Actually, we have a tradition of not being taken seriously, at least as far back as the nineteenth century. Louisa May Alcott, author of "Little Women" grew up Unitarian in the time of Ralph Waldo Emerson and Henry David Thoreau. Her father, Bronson Alcott, was a progressive educator and social reformer. Her family's circle of friends were Unitarian and Transcendentalist - experimenting with Eastern religion and Utopian communities and new forms of education.  To neighbors, this was really weird stuff.

For a while the Alcotts lived on a vegetarian farm, Fruitlands, west of Concord, Massachusetts. It was not a success. Emerson complained about having to give them money all the time, and Louisa May realized early in life that she would have to be the family breadwinner some day. She reflected in her memoir, "A Transcendental Childhood," "In those days prophets were not honored in their own land, and Concord had not yet discovered her great men. It was a sort of refuge for reformers of all sorts whom the good natives regarded as lunatics, harmless but amusing."[5]

I have the funny feeling that is our legacy too. There is a strain of benevolent kookiness that runs through our history, a strain that has caused others to laugh at us and us to laugh at ourselves. It's not the whole story, but it reveals some of our better qualities. That same wacky Alcott household that never had enough money and drove Louisa May to vow she would be rich some day also harbored fugitive slaves. Bronson Alcott taught human sexuality in his school curriculum,. Their bold activities made others ridicule them and brand them as dangerous radicals.
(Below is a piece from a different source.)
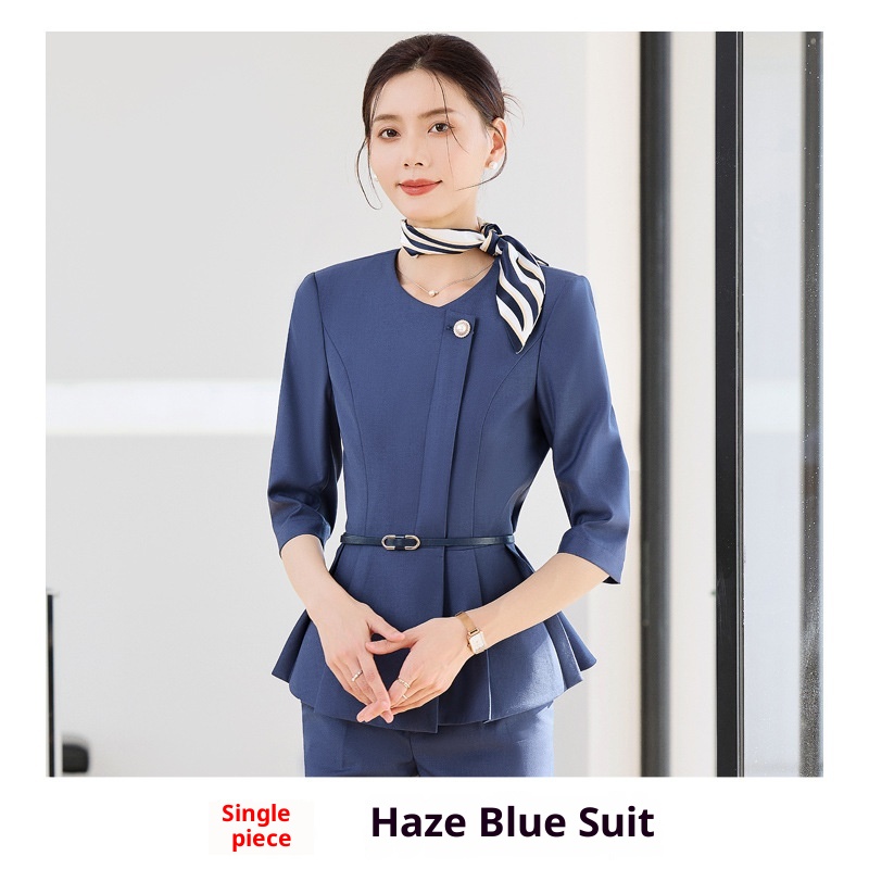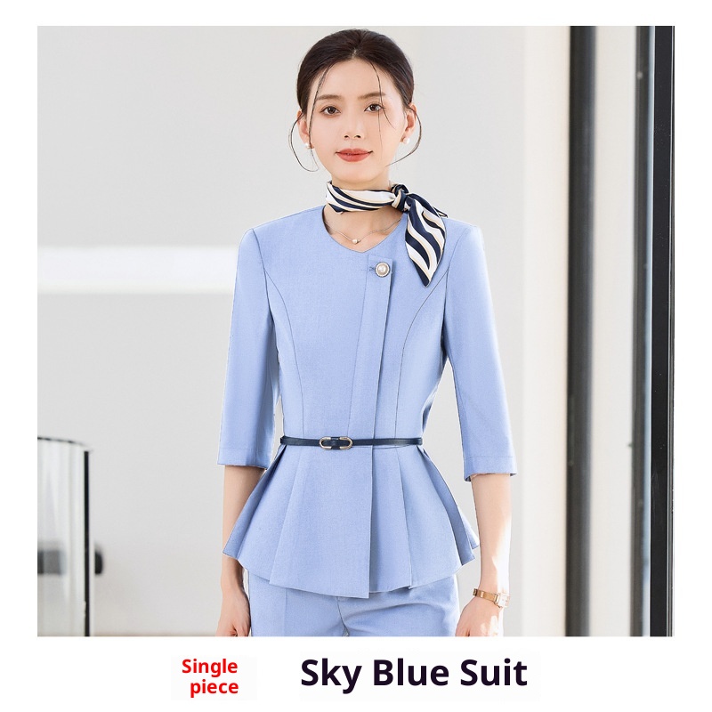 ChicShe 2025 Spring Summer Waist-Cinching Blue High-End Fashion Mid-Sleeve Top Women's Pants Skirt Beauty Salon Professional

One of the foremost of contemporary satirists is Garrison Keillor. On his weekly American Public Radio show, “Prairie Home Companion,” he makes many UU jokes, all of a fairly friendly nature.  And we’re usually so thrilled that someone knows enough about us to tell a gentle-spirited and funny joke. I personally believe he is a closet UU, and possibly our best publicist.  For instance, he tells us that:

“The first white folk known to have spent time in the Woebegon area were Unitarian missionaries from Boston.” Yeah. Right.

He tells us that, “There are the folks in Lake Woebegon who have a big satellite dish and get 500 channels on their TV - including the surgery channel, the fishing channel, and the Unitarian Channel, which is what the fishing channel would be like if they didn't actually put the fish hooks and lines in the water, but just sat around and discussed whether or not there really are fish.”
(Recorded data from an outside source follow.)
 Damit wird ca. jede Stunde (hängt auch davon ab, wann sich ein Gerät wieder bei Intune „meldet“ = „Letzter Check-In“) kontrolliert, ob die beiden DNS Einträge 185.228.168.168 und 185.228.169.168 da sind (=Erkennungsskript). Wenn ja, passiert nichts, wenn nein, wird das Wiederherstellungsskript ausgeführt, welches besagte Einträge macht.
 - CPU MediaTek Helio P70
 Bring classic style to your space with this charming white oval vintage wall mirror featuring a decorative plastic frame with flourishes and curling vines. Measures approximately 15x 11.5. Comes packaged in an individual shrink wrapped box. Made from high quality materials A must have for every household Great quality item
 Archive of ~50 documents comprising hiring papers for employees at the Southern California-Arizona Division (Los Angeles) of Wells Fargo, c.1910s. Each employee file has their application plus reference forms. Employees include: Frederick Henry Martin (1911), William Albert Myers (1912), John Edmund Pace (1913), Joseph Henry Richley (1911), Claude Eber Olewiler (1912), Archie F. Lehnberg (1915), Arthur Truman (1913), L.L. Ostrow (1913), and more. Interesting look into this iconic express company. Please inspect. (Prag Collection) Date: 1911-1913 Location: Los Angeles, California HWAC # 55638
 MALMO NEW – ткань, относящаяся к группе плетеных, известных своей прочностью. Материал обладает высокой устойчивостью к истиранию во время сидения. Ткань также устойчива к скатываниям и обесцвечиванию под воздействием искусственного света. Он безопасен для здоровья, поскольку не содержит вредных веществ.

And he says that "Arguing with a UU is like wrestling with a pig. Pretty soon you realize the pig likes it."

When it’s good-natured, kind humor, what we find funny is often a surprise of discovering what’s true, it’s truth made palatable, it’s learning at its most joyous.  Humor is the unveiling of connections you didn’t see before.  That’s why a joke isn’t funny the third or fourth time you hear it.  The surprise is gone, we’ve already learned the connection.

It takes someone really intelligent to write jokes. The humorist has to make connections that surprise and delight the audience. I am always in awe of people who can make a witty come-back in the course of conversations. I can usually come up with a really funny response, but it’s a week late.
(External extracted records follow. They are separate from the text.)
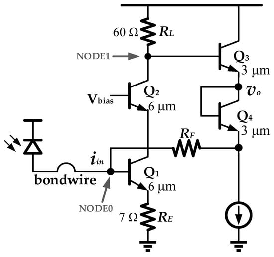 An ideal TIA must satisfy the requirements of low noise, high gain, relatively wide bandwidth, and small deterministic jitter. Hence, there is an inevitable trade-off [] among them, and a circuit model is helpful to optimize the TIA. Considering the time constants of the nodes in the TIA feedback loop, the input pole (NODE0) of the TIA and the output pole (NODE1) of common emitter (CE) stage Q1 with emitter degeneration dominate the bode plot of the TIA feedback system. Meanwhile, the capacitance at the input node of the optical receiver has the largest value among all the nodes, which provides the largest time constant and leads to the dominant pole. Thus, the small-signal equivalent circuit of the input TIA can be simplified into a second-order system, which is shown in Figure 3.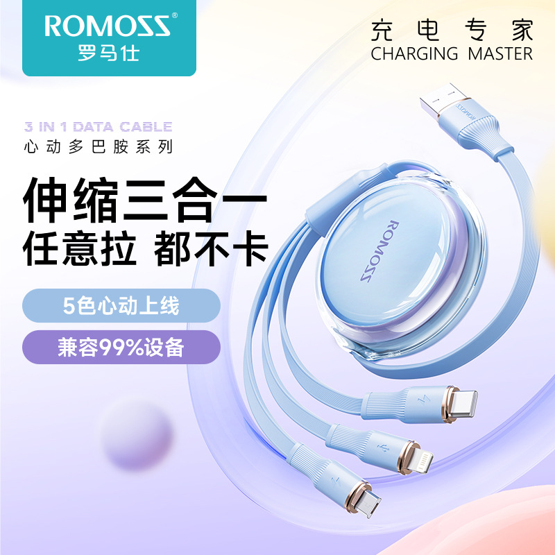 罗马仕三合一充电线伸缩版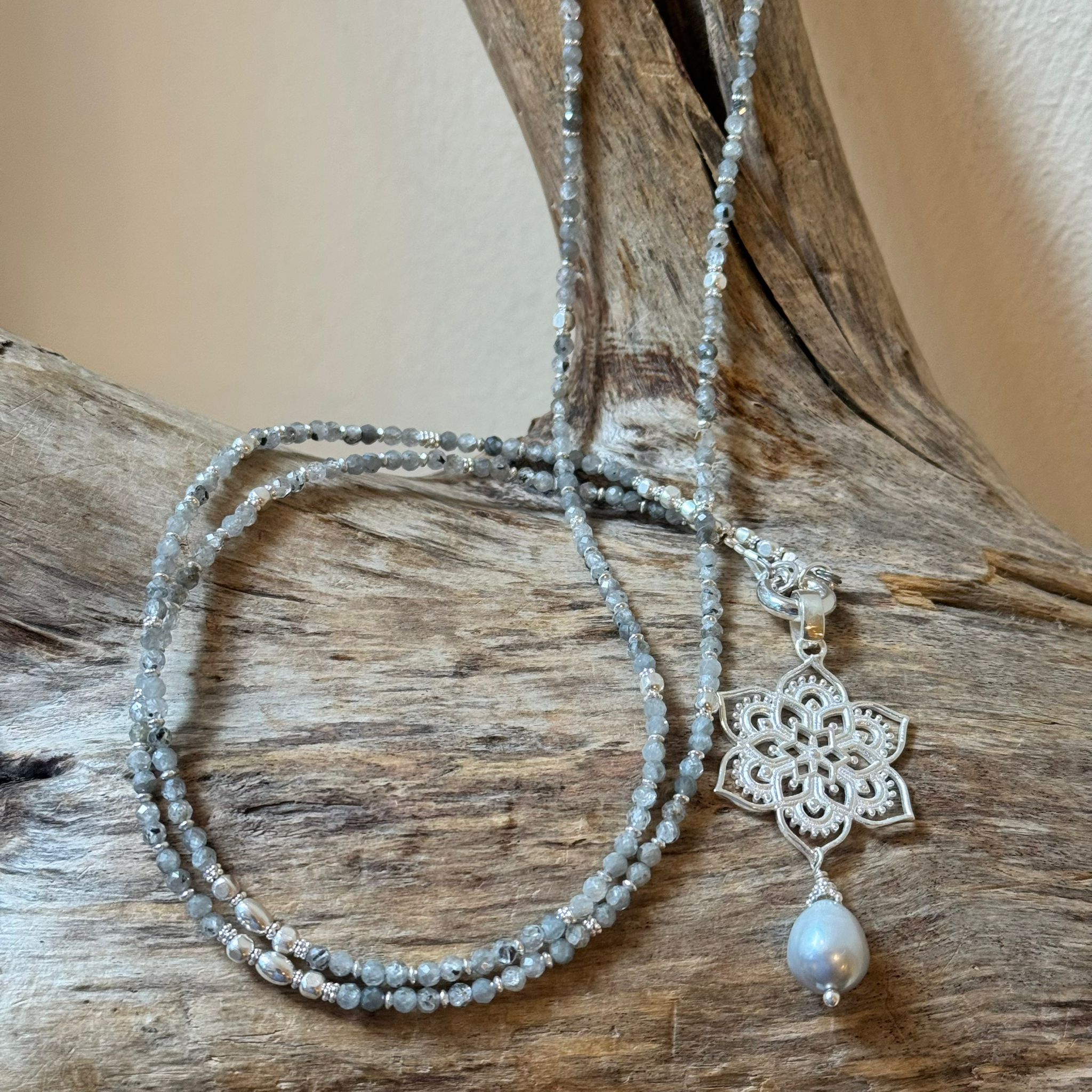 Diese schöne lange Kette haben wir aus sehr schön funkelndem hellgrauem Zirkon (3mm) und sehr vielen Zwischenstücke aus Sterlingsilber kreiert. Die Kette hat eine Länge von 88cm und kann, zweimal um den Hals gewickelt, auch als kurze Kette getragen werden. Den Anhänger haben wir aus einem Element aus Sterlingsilber (30mm) und einer tropfenförmigen hellgrauen Süsswasserperle (10x9mm) kreiert. Der Anhänger hat eine Länge von 5,5cm.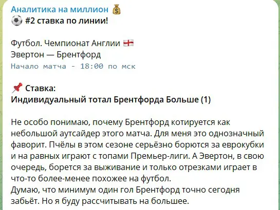Пишу как подписчик с 2021 года. Качество анализа в этом канале просто космос, особенно по тоталам в матчах топ-5 лиг.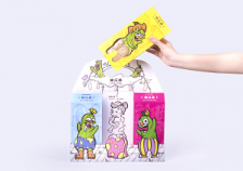 整體包裝設計成一個家,三款絲瓜絡角色分別在廚房、浴室、書房,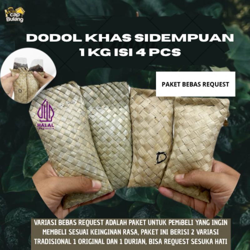 PAKET 1 KILO DODOL KHAS SIDEMPUAN/ ALAME SIDEMPUAN/TAPANULI SELATAN (HARGA 4 PCS, UNTUK ORIGINAL DAN DURIAN PAKAI LAPIS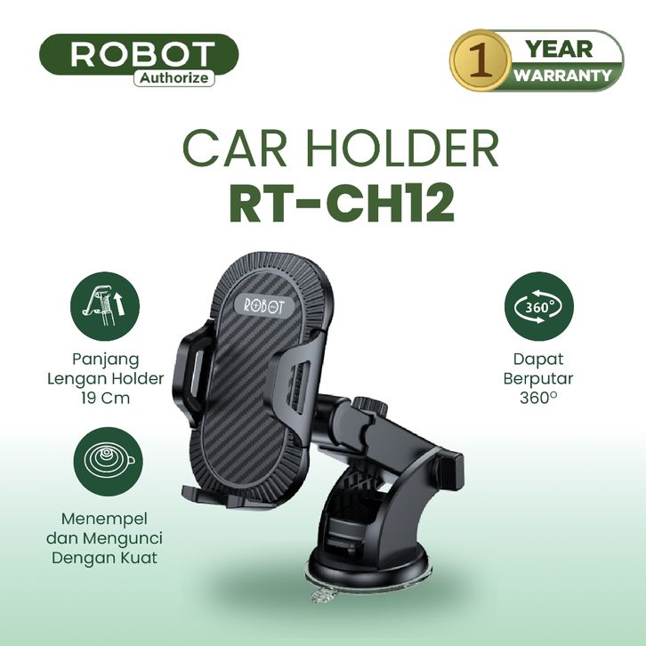 PROMO ROBOT RT-CH12 Universal Car Holder Black Suction Cup Automatic Lock 360 Original - Garansi 1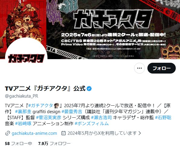 「ガチアクタ」の公式アカウントのフォロワー数は、アニメが放送終了した時点で7.9万人となっていました。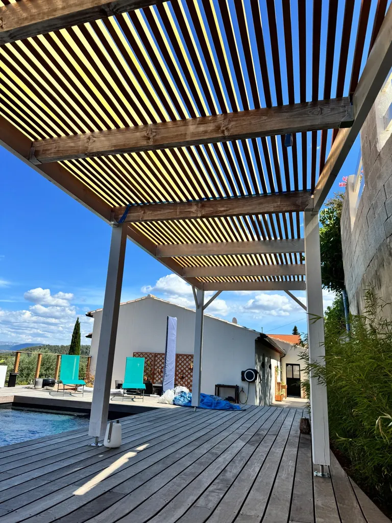 À Cadolive, nous avons terminé un beau projet d’aménagement extérieur avec la création d’une grande pergola sur mesure. Le client voulait un espace ombragé et élégant. Nous avons donc conçu une structure solide et esthétique, capable de durer de longues années.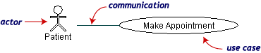 一个用例图是角色,用例,和它们之间的联系的集合。我们已经把Make Appointment作为一个含有四个角色和四个用例的图的一部分。注意一个单独的用例可以有多个角色。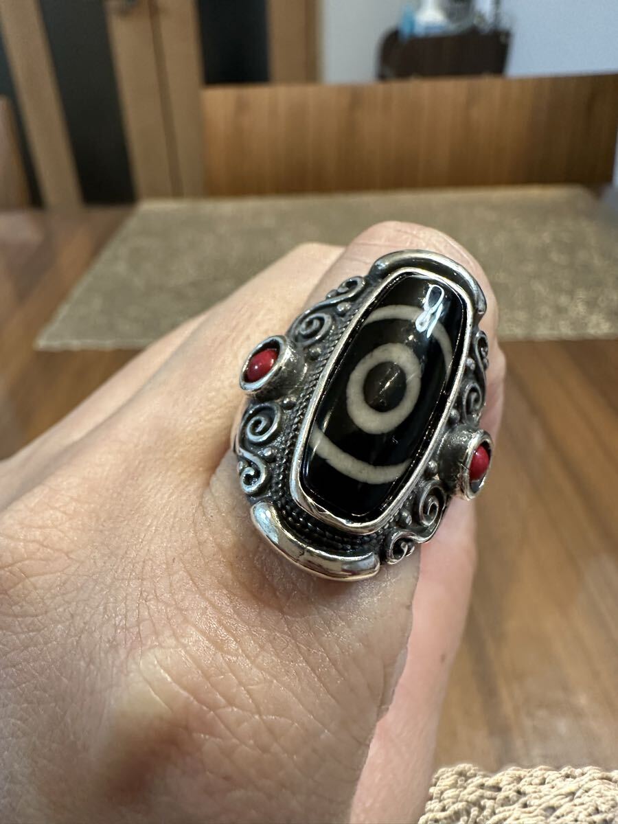 - K-701 -3 チベット 一眼天珠 藏銀 リング 指輪 フリーサイズ

So, what’s so funny about Unitarian Universalism?  We take our community and our principles seriously, but for the most part we don’t take ourselves too seriously.  Our laughter gives us humility as well as wisdom.  To be a fool is not foolish but refreshing, to chuckle through lectures and sermons is not a sin but the epitome of sanity, and to laugh until we cry is not shameful but sacred.

Laughter is a prayer that says "Thank you life for life!"  May each of us say that prayer more than 146 times a day.